Back in March, I had two possible meetings to attend, occurring at the same time. One was a Jewish Federation meeting and the other was a zoning hearing at City Hall. I told representatives from both that I would be out of town visiting family. Both times I hung up the phone in relief that I did not have to attend another meeting. Well, as it happened, my travel plans fell through. I made appointments (much to the dismay of my wife, who felt I needed a break) for that week. My last appointment came and went Thursday afternoon, and there on the calendar was the Jewish Federation council meeting and City Hall. For a moment I reflected that I had already told each that I would not attend. I could just pack my briefcase, go home and relax. No one would be the wiser! Unfortunately, I would.
Even though I had already written a letter of support, I headed downtown for the public hearing on whether it was an appropriate property use for Sister Jose Women’s Center to move to a larger facility, in a residential area, on North Seventh Avenue. The center’s mission states that it “is dedicated to the care and nurture of homeless women within our community. To our sisters without shelter, we provide beds; to those without food, we give nourishment; and, to those without purpose, we offer encouragement. We are women reaching out to women with dignity, respect and compassion.” It is the only women’s shelter in Tucson. Members of my community serve on the center’s boards, and our social action committee has been helping serve “our sisters without shelter” for the past two years. Additionally, the Jewish Federation had also written a letter of support for them to move to this new location. I had to attend.

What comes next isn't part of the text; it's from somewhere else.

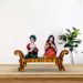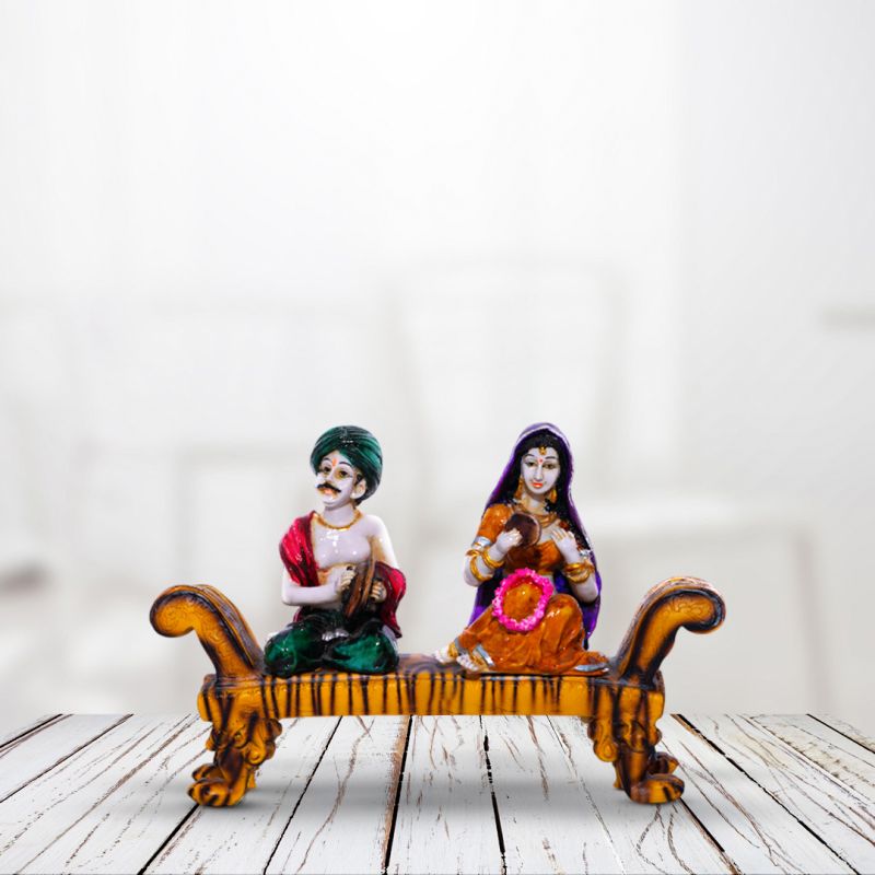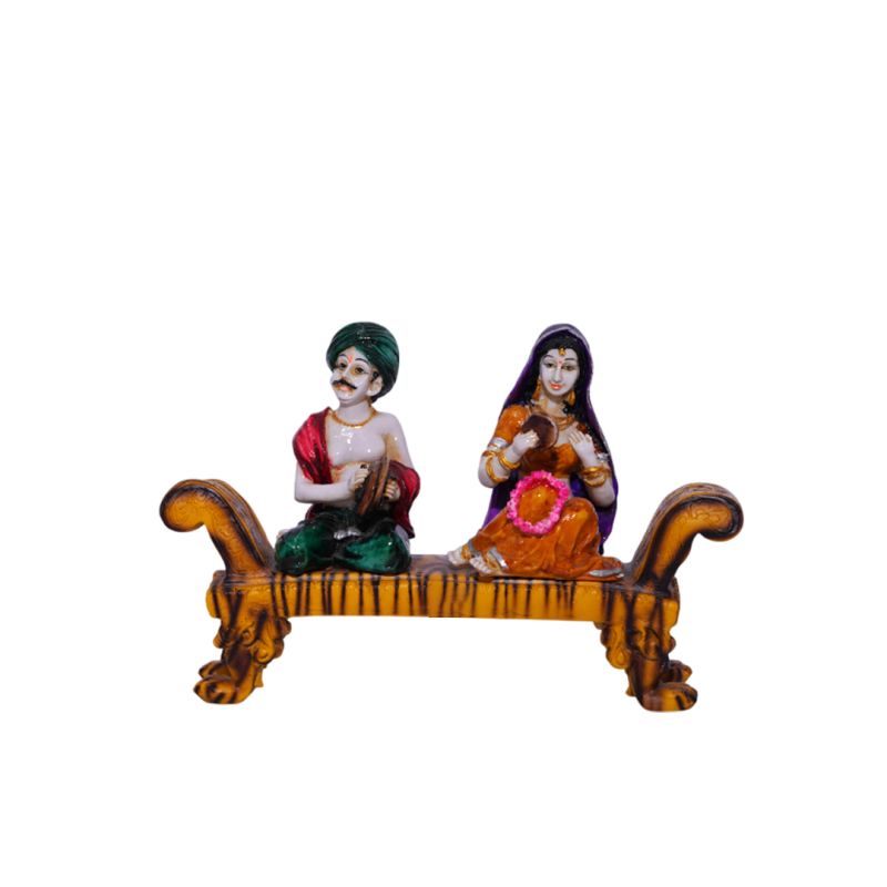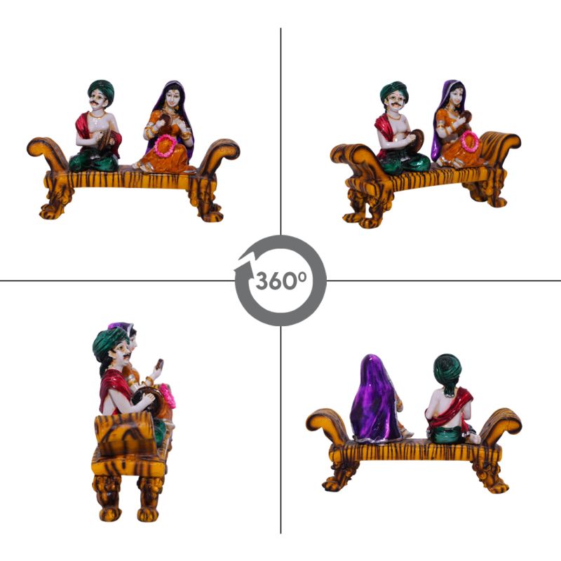 Rajasthani Couple Sitting on Cot and Playing Music Instrument Showpiece Statue for Living Room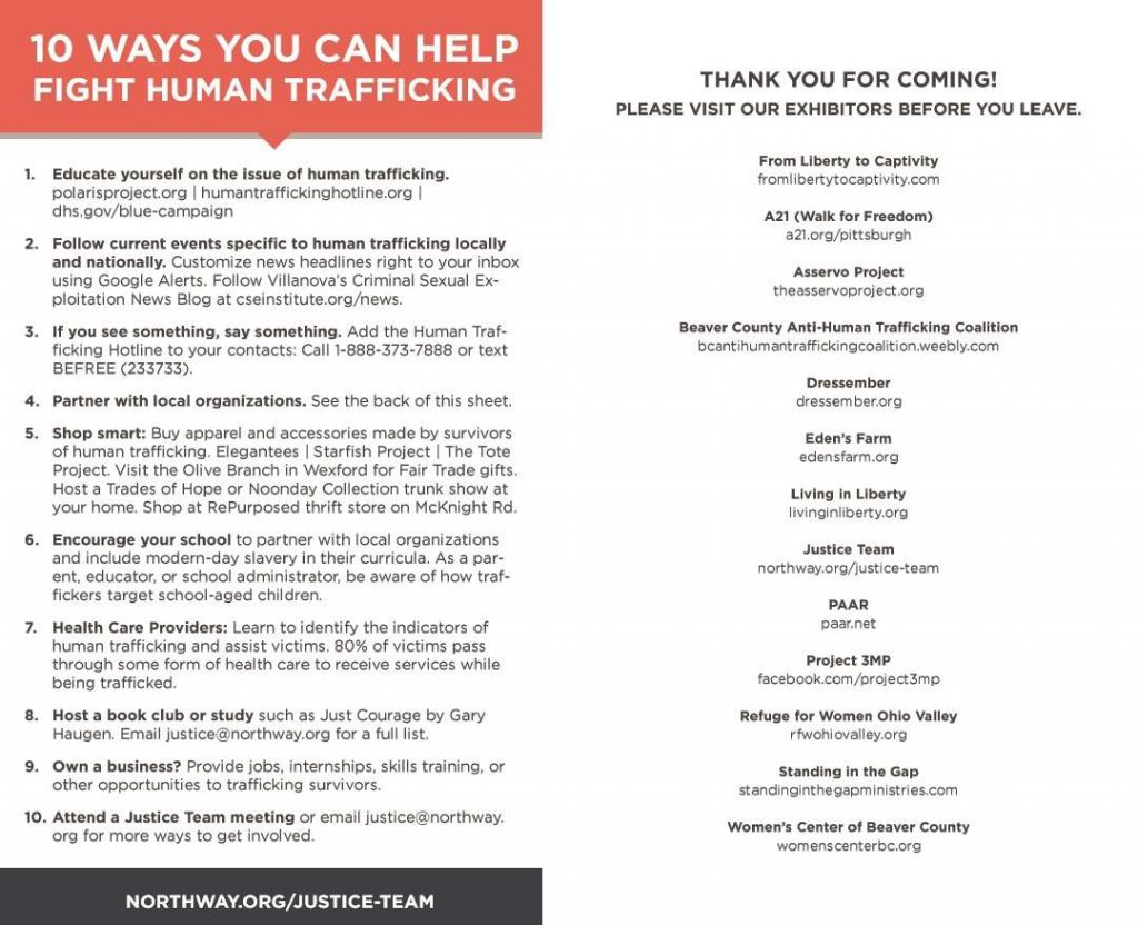 The Justice Team at North Way is dedicated to raising awareness about the plight of victims of human trafficking, and yes, it’s occurring in Beaver County.

Once there, I was asked to speak. I spoke of my volunteer commitment to the impoverished ghetto in Washington, D.C., and to the rehab of homes in Northfork, W. Va., when I was a student at Georgetown University. I spoke about our congregation’s commitment to our neighbors in Tucson when we built homes for Habitat for Humanity with churches and another synagogue in Tucson. I thought of shared scriptures that remind us of our highest religious principles that say, “You shall not be hard-hearted and shut your hand from your brother or sister who is poor. But you shall open your hand … to your brother and sister” (Deuteronomy 15:7-11). For Christians, one of the most powerful verses is found in Matthew 25:34-40, “take your inheritance … for I was hungry and you gave me food, I was thirsty and you gave me drink, I was a stranger and you invited me in ….” Jesus’ disciples answered him, “When did we do these things for you?” His response, “Whatever you did for one of the least of these brothers and sisters of mine, you did for me.”
My friends, next week is Passover, a holiday not just dedicated to our freedom from slavery, but a reminder that we should welcome those who are hungry for food, for shelter, for family to join us. I encourage you all to do what you can to assist “our sisters” at Sister Jose to have a place they can call home. This is our calling, and as Msgr. Thomas Cahalane, president of the Center, priest at Mother of Sorrows, and my friend said to me the other day, “Thank you for being together in the Lord’s ministry.”